One of the attendants jumped out and quickly joined the officers. He assessed Rose, while the driver turned the ambulance around and parked it. He jumped out and retrieved a stretcher, then the attendants loaded her onto the stretcher and into the ambulance. Byrne bagged the phone.
“We understood there were two people here who may need help,” said one of the attendants.
“A man named Max,” said Whitehall. “That’s all we have right now.”
“We need to get this woman to the hospital. Another ambulance is on the way and should be here any minute.”
As if in answer, the distant wail of a siren could be heard. The first ambulance headed out to the main road.
“You check both sides of the road and liaise with the ambulance,” said Whitehall. “It looks like the road slopes downhill over there. I’ll head down and have a look.”
“Roger that,” said Byrne.
He headed toward the main road, scanning both sides of the road with a bright flashlight and Whitehall headed down the slope sideways, her flashlight at the ready. It was a few minutes before she spotted Max King.
“I found him!” yelled Corporal Whitehall into her two-way.
“Roger that!” Byrne answered.
Whitehall rushed to the man’s side, knelt beside him and felt for a pulse.

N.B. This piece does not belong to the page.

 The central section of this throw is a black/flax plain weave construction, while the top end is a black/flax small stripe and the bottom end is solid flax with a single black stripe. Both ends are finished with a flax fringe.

She thought she could detect a very weak one. She bent down to feel for breath from the nose and mouth. She felt nothing. In the bright light of her flashlight his lips were blue. She quickly checked his fingertips; blue also.
“Byrne! Bring the naloxone!” she yelled into her radio.

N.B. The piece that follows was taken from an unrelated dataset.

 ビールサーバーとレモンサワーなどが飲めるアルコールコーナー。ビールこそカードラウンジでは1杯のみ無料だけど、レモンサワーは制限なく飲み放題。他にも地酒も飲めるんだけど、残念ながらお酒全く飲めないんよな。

“Naloxone! Roger that!” echoed back.
Whitehall bent over Max, opened his airway and started to breathe for him.
The wail of the second ambulance siren was loud now. It had turned onto the mine road. Byrne, at the cruiser fetching naloxone, was caught in its headlights. He waited till it was adjacent, then quickly filled the attendants in before rushing down the embankment. He spotted Whitehall and joined her.
“Second ambulance is here,” he said as he quickly prepped the naloxone shot and jabbed it into Max’s thigh. “They’re bringing the stretcher.”

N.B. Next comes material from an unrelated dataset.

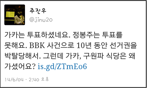 한편, 기사를 작성한 주진우 기자는 4일 자신의 트위터를 통해 “가카는 투표하셨네요. 정봉주는 투표를 못해요. BBK사건으로 10년 동안 선거권을 박탈당해서. 그런데 가카, 구원파 식당은 왜 가셨어요?”라면서 해당 기사를 링크했다.
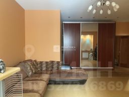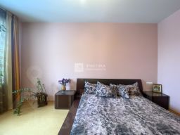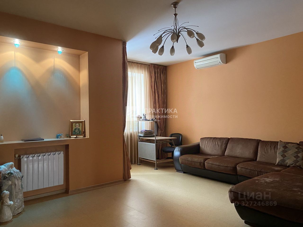 Основная комната — интерьер выполнен в спокойных, тёплых тонах (оранжево-коричневые оттенки). Просторный угловой диван — идеальное место для отдыха. Ниша с подсветкой — стильное решение для размещения семейных фотографий. Увеличенные окна наполняют комнату естественным светом . Установлен кондиционер, который охватывает полностью всю квартиру на охлаждение в летний период. Лоджия утеплена, установлен электрический радиатор отопления, стены отделаны пробкой.

“Now, we wait,” said Byrne, fingers on Max’s carotid, eyes were on his wristwatch. Whitehall continued with the breathing.
“Come on, buddy,” he whispered.
They were joined by the ambulance attendants carrying a stretcher. All eyes were on Max.
“How long has it been?” said one of the attendants.
“Nearly two minutes since I gave him the shot,” said Byrne, his fingertips on Max’s carotid.
“It can take a while,” said one of the attendants.
Almost another minute went by.
“We might be too late.”
In answer, Max moaned softly.
“He’s back!” yelled Byrne.
“Let’s get him to the hospital,” said Whitehall.
They quickly loaded Max onto the stretcher and the four of them headed uphill as fast as they could go.